Work request - Print out the full material below, exact in every line, with no images included.

Provided data -
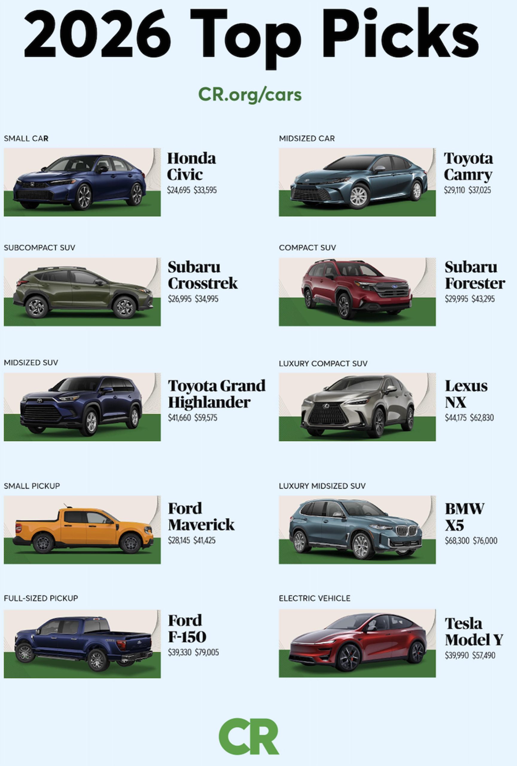 Of the 10 models chosen this year, three are new to the list: the Honda Civic, Toyota Grand Highlander, and Ford F-150. (Unfortunately for motorists interested in going all-electric, Ford is dropping the F-150 Lightning – but will continue to offer the PowerBoost hybrid package.) All seven other models carry over from the 2025 CR list.
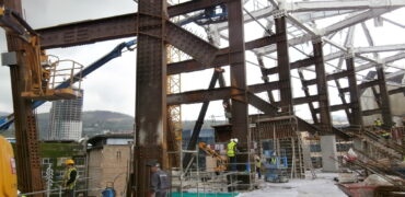 Columns are formed with composite construction up to a certain floor of the tower. 45Mpa concrete is used in conjunction with heavy sections of S355 steel, ranging from HD 400X818 at the level of foundations to 260×172 at the 17th floor. Above this level columns are in reinforced concrete.
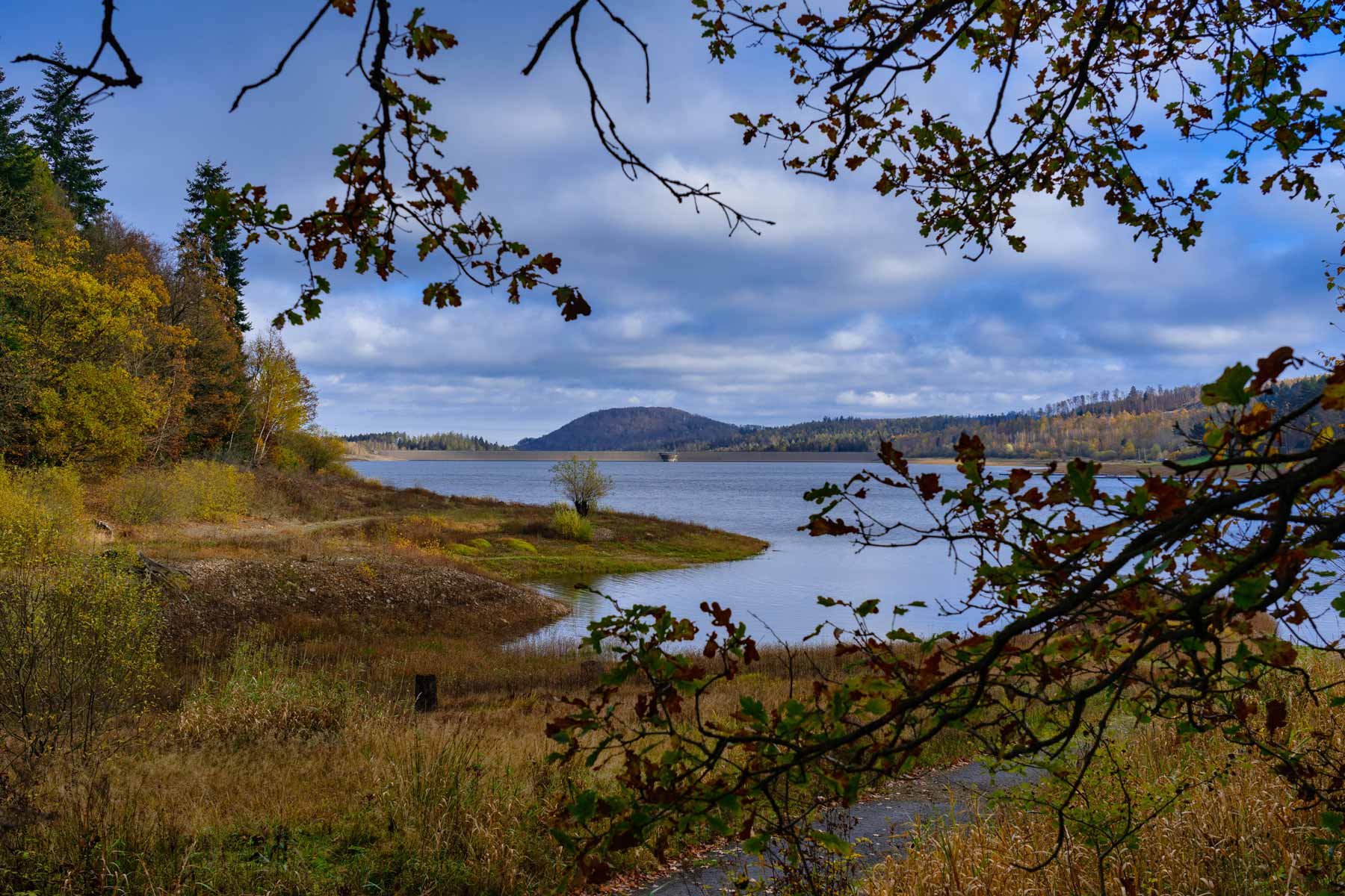 Im Jahre 1963 wurde mit dem Bau begonnen, worauf nach drei Jahren (1966) die Fertigstellung des mit 750 Metern längsten Staudamms im Harz folgte. Genau 40 Jahre später stand die Generalsanierung an, wozu das Wasser komplett abgelassen werden musste, um Spezialmaschinen am Damm abzuseilen und somit neuen Asphalt aufzubringen. Der 35 Meter hohe Staudamm selbst besitzt ein Volumen von 850.000 Kubikmetern und staut bis zu 19,26 Millionen Kubikmeter Wasser. Hinter dem bemerkenswerten Damm mit seiner Dichtung aus Asphaltbeton dehnt sich ein etwa drei Kilometer langer künstlicher See aus, der bei Vollstau eine Fläche von 139 Hektar einnimmt. Damit liegt der Spitzenreiter in Sachen Staudammlänge in Sachen Wasserfläche nur etwa im Mittelfeld der Harzgewässer.

Result below -
 Of the 10 models chosen this year, three are new to the list: the Honda Civic, Toyota Grand Highlander, and Ford F-150. (Unfortunately for motorists interested in going all-electric, Ford is dropping the F-150 Lightning – but will continue to offer the PowerBoost hybrid package.) All seven other models carry over from the 2025 CR list.
 Columns are formed with composite construction up to a certain floor of the tower. 45Mpa concrete is used in conjunction with heavy sections of S355 steel, ranging from HD 400X818 at the level of foundations to 260×172 at the 17th floor. Above this level columns are in reinforced concrete.
 Im Jahre 1963 wurde mit dem Bau begonnen, worauf nach drei Jahren (1966) die Fertigstellung des mit 750 Metern längsten Staudamms im Harz folgte. Genau 40 Jahre später stand die Generalsanierung an, wozu das Wasser komplett abgelassen werden musste, um Spezialmaschinen am Damm abzuseilen und somit neuen Asphalt aufzubringen. Der 35 Meter hohe Staudamm selbst besitzt ein Volumen von 850.000 Kubikmetern und staut bis zu 19,26 Millionen Kubikmeter Wasser. Hinter dem bemerkenswerten Damm mit seiner Dichtung aus Asphaltbeton dehnt sich ein etwa drei Kilometer langer künstlicher See aus, der bei Vollstau eine Fläche von 139 Hektar einnimmt. Damit liegt der Spitzenreiter in Sachen Staudammlänge in Sachen Wasserfläche nur etwa im Mittelfeld der Harzgewässer.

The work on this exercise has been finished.